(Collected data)

◇ ◇ ◇ ◇

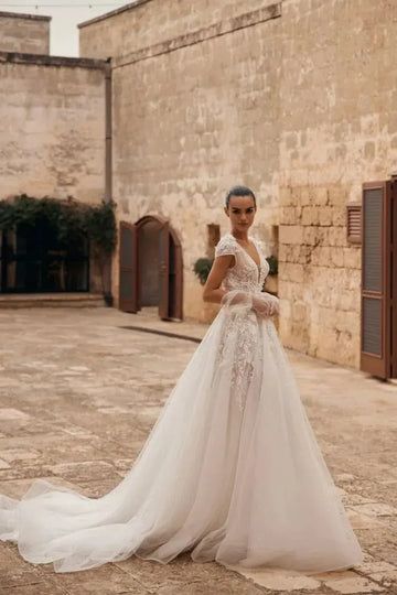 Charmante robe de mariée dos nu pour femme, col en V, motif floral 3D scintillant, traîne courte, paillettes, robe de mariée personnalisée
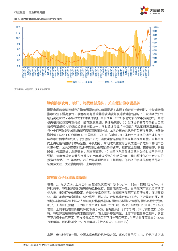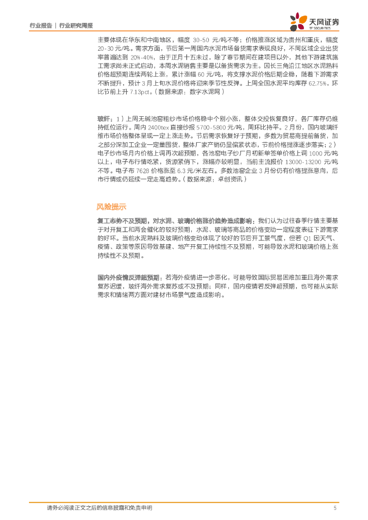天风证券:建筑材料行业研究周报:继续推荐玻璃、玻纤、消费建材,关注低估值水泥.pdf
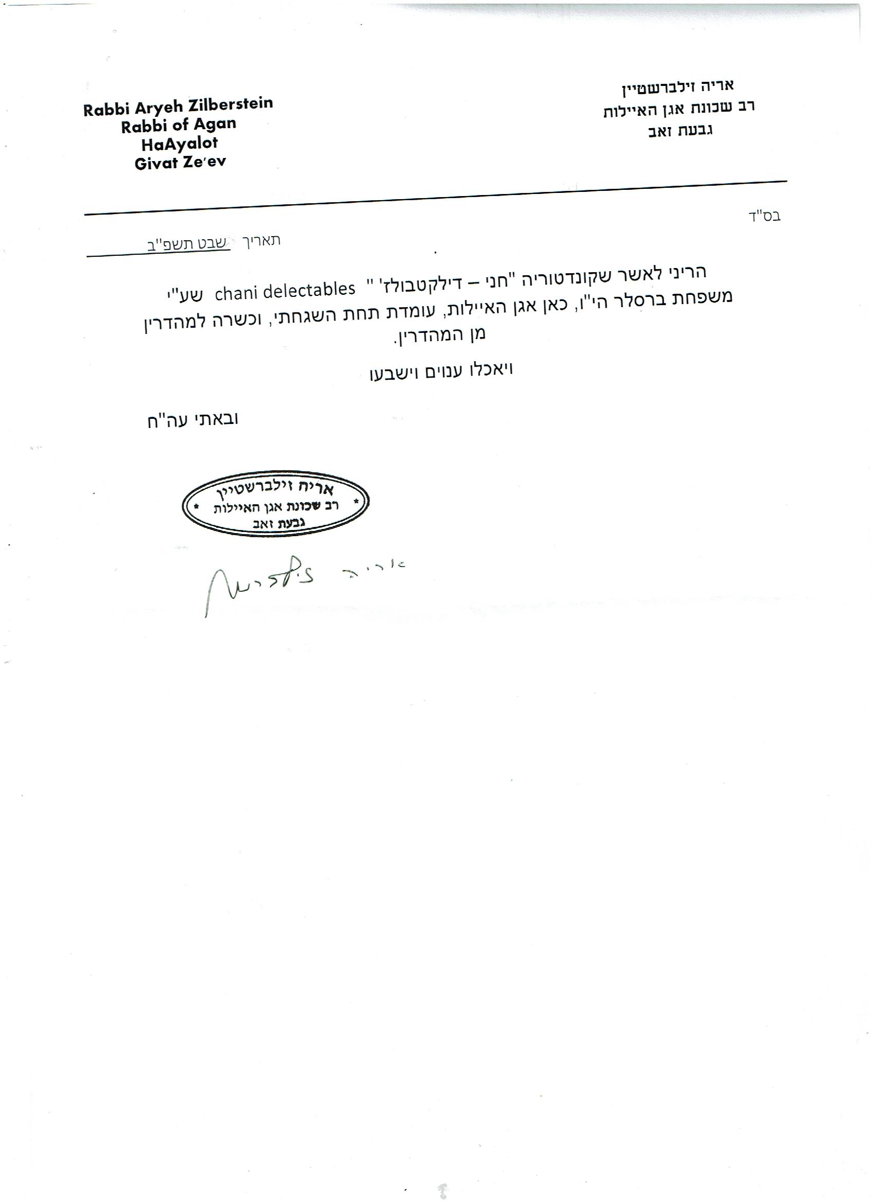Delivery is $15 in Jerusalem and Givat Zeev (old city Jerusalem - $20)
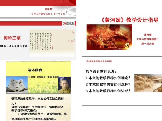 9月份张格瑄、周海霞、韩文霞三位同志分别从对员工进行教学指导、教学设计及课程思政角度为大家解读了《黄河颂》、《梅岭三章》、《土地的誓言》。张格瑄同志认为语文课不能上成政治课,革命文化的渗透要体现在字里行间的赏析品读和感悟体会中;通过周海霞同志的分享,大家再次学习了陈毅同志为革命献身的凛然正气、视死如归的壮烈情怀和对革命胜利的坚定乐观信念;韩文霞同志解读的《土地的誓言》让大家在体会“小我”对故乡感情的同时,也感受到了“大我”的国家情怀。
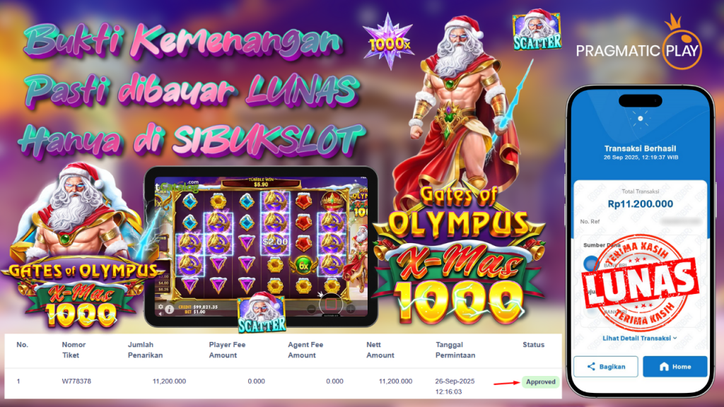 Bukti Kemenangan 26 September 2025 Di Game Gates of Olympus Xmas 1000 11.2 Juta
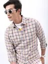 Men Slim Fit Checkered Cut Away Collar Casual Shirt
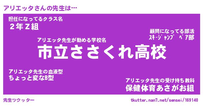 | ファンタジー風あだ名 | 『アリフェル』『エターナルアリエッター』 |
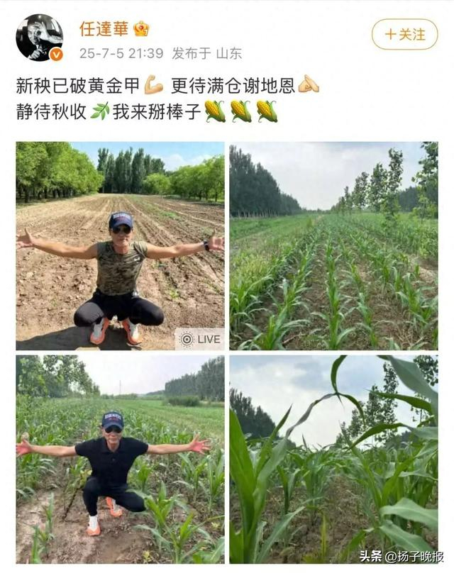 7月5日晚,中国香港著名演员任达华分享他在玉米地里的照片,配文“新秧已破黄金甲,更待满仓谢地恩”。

◇ ◇ ◇ ◇

Task directions
Please transcribe exactly the lines from the start of the records through the line containing "ファンタジー風あだ名 | 『アリフェル』『エターナルアリエッター』 |", leaving the pictures out.

Completed exercise
 Charmante robe de mariée dos nu pour femme, col en V, motif floral 3D scintillant, traîne courte, paillettes, robe de mariée personnalisée
天风证券:建筑材料行业研究周报:继续推荐玻璃、玻纤、消费建材,关注低估值水泥.pdf
Delivery is $15 in Jerusalem and Givat Zeev (old city Jerusalem - $20)
 9月份张格瑄、周海霞、韩文霞三位同志分别从对员工进行教学指导、教学设计及课程思政角度为大家解读了《黄河颂》、《梅岭三章》、《土地的誓言》。张格瑄同志认为语文课不能上成政治课,革命文化的渗透要体现在字里行间的赏析品读和感悟体会中;通过周海霞同志的分享,大家再次学习了陈毅同志为革命献身的凛然正气、视死如归的壮烈情怀和对革命胜利的坚定乐观信念;韩文霞同志解读的《土地的誓言》让大家在体会“小我”对故乡感情的同时,也感受到了“大我”的国家情怀。
 Bukti Kemenangan 26 September 2025 Di Game Gates of Olympus Xmas 1000 11.2 Juta
 Men Slim Fit Checkered Cut Away Collar Casual Shirt
 | ファンタジー風あだ名 | 『アリフェル』『エターナルアリエッター』 |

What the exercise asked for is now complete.